BCE Inc Pref  vs.  InPlay Oil Corp

 Performance 
       Timeline  
BCE Inc Pref 

Risk-Adjusted Performance

16 of 100

 
Weak
 
Strong
Solid
Compared to the overall equity markets, risk-adjusted returns on investments in BCE Inc Pref are ranked lower than 16 (%) of all global equities and portfolios over the last 90 days. Despite somewhat abnormal technical and fundamental indicators, BCE may actually be approaching a critical reversion point that can send shares even higher in March 2025.
InPlay Oil Corp 

Risk-Adjusted Performance

0 of 100

 
Weak
 
Strong
Very Weak
Over the last 90 days InPlay Oil Corp has generated negative risk-adjusted returns adding no value to investors with long positions.
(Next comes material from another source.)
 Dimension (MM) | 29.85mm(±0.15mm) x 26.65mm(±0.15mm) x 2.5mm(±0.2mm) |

In spite of latest unfluctuating performance, the Stock's basic indicators remain healthy and the recent disarray on Wall Street may also be a sign of long period gains for the firm investors.
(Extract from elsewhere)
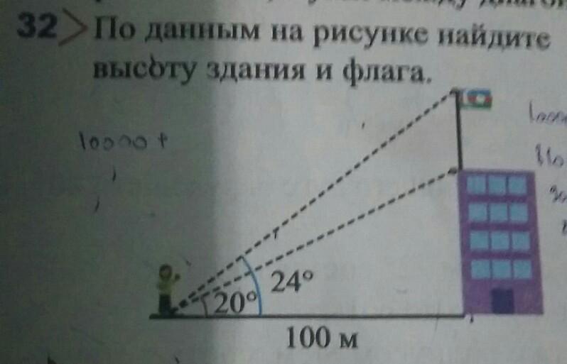 s ≈44.5 - высота флага и здания

BCE and InPlay Oil Volatility Contrast

   Predicted Return Density   
       Returns  

Pair Trading with BCE and InPlay Oil

The main advantage of trading using opposite BCE and InPlay Oil positions is that it hedges away some unsystematic risk. Because of two separate transactions, even if BCE position performs unexpectedly, InPlay Oil can make up some of the losses. Pair trading also minimizes risk from directional movements in the market. For example, if an entire industry or sector drops because of unexpected headlines, the short position in InPlay Oil will offset losses from the drop in InPlay Oil's long position.
The idea behind BCE Inc Pref and InPlay Oil Corp pairs trading is to make the combined position market-neutral, meaning the overall market's direction will not affect its win or loss (or potential downside or upside). This can be achieved by designing a pairs trade with two highly correlated stocks or equities that operate in a similar space or sector, making it possible to obtain profits through simple and relatively low-risk investment.
Check out your portfolio center.
Note that this page's information should be used as a complementary analysis to find the right mix of equity instruments to add to your existing portfolios or create a brand new portfolio. You can also try the Transaction History module to view history of all your transactions and understand their impact on performance.